▶ [Provided information]
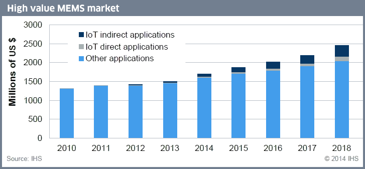 The direct and indirect market for high-value MEMS devices related IoT applications is expected to grow dramatically to 2018, according to market research firm IHS. (Source: IHS)
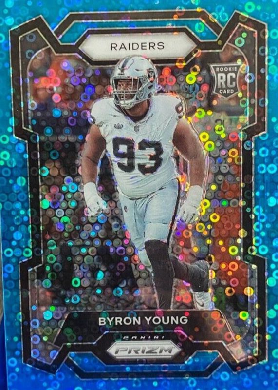 2023 Panini Prizm Byron Young RC #355 No Huddle BLUE DISCO S# 68/95 Raiders BAMA
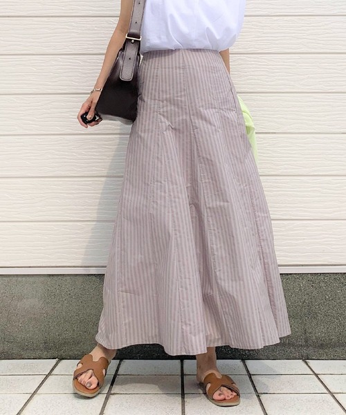 メモリー素材のストライプスカートです。ワントーンのストライプなので、落ち着いたオトナな雰囲気に。適度なハリ感のあるメモリータフタ素材なので、きれいなフレアシルエットのスカートです。長すぎない、足首が見える絶妙な丈感が◎ウエスト部分はゴム仕様になっていますが、外から見えないように中に付けています。inして着たときも、きちんと感のあるきれいなシルエットに。《インフォメーション》◆商品のお気に入り登録完売していても再入荷時に再入荷通知を受け取ることができますので、是非ご登録ください。◆ブランドのお気に入り登録新商品や再入荷などの情報を受け取ることができますので、是非ご登録ください。
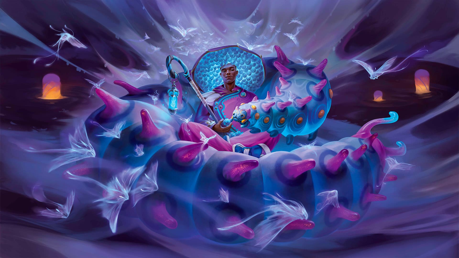 Rien ne le destinait à devenir Exalt. Exobiologiste de formation, Moyo avait pour vocation d’étudier, pour les Yzmir, les espèces inconnues découvertes au sein de la Terra Incognita, au premier rang desquelles figuraient les Chimères. C’est sous le patronage de Saskia, une naturaliste Muna, que l’entomologiste a commencé à étudier les Phalènes de Mana, une espèce à mi-chemin entre l’Éther et le réel, au point de devenir un spécialiste de cette forme de vie hybride. Lorsque le Nilam, l’arbre-monde défunt des étendues enneigées du Storhvit, s’effondra suite à la libération de Kuraokami, son écorce fut transportée comme matériau de construction d’un édifice magique, dédié à l’expérimentation occulte et à la surveillance des courants de Tumulte. Mais lorsqu’on découvrit dans son tronc cristallisé une larve gigantesque, c’est Moyo qui hérita de la lourde tâche de l’étudier et de veiller sur elle. Devenue chenille, la Chimère tissa un lien étroit avec son soigneur, au point que tous deux décidèrent de se lier à travers le Musubi.
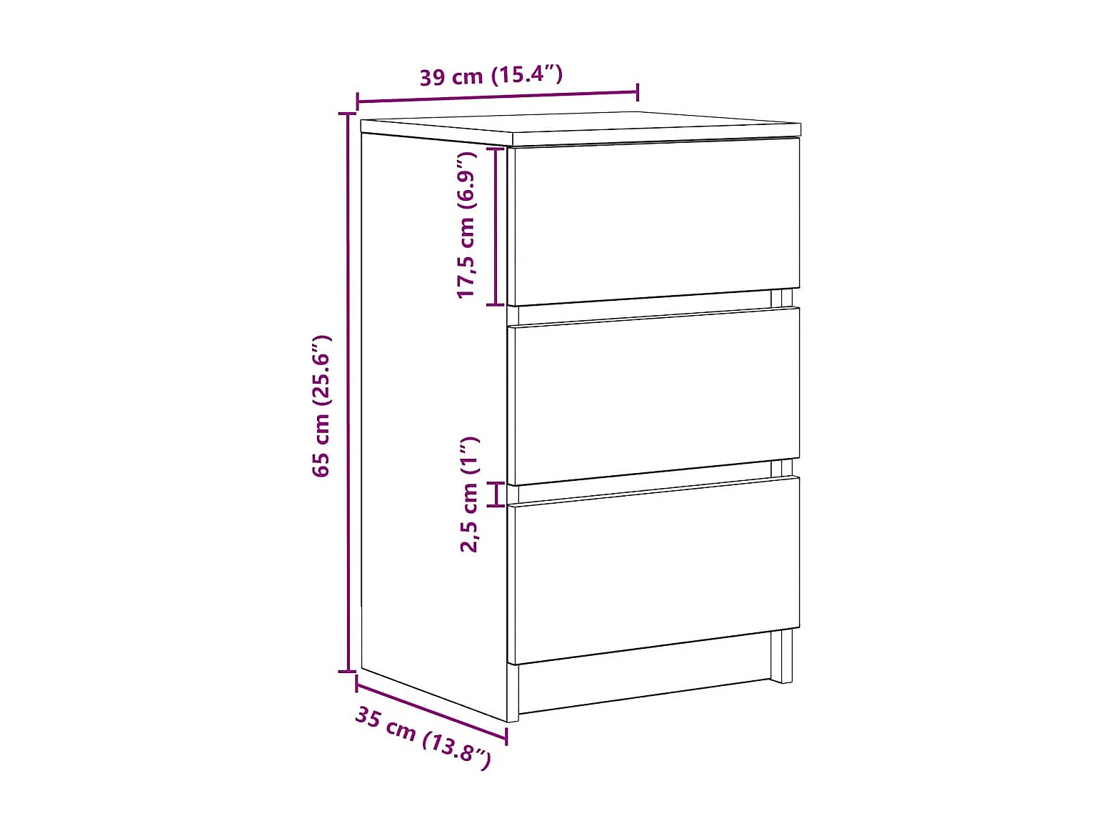 Comodino con 3 Cassetti Grigio Sonoma 39x35x65 cm

▶ [Problem] What you should return is the exact text of every line from the top of the entries through the line with "2023 Panini Prizm", pictures removed.

▶ [Result for this task]
 The direct and indirect market for high-value MEMS devices related IoT applications is expected to grow dramatically to 2018, according to market research firm IHS. (Source: IHS)
 2023 Panini Prizm Byron Young RC #355 No Huddle BLUE DISCO S# 68/95 Raiders BAMA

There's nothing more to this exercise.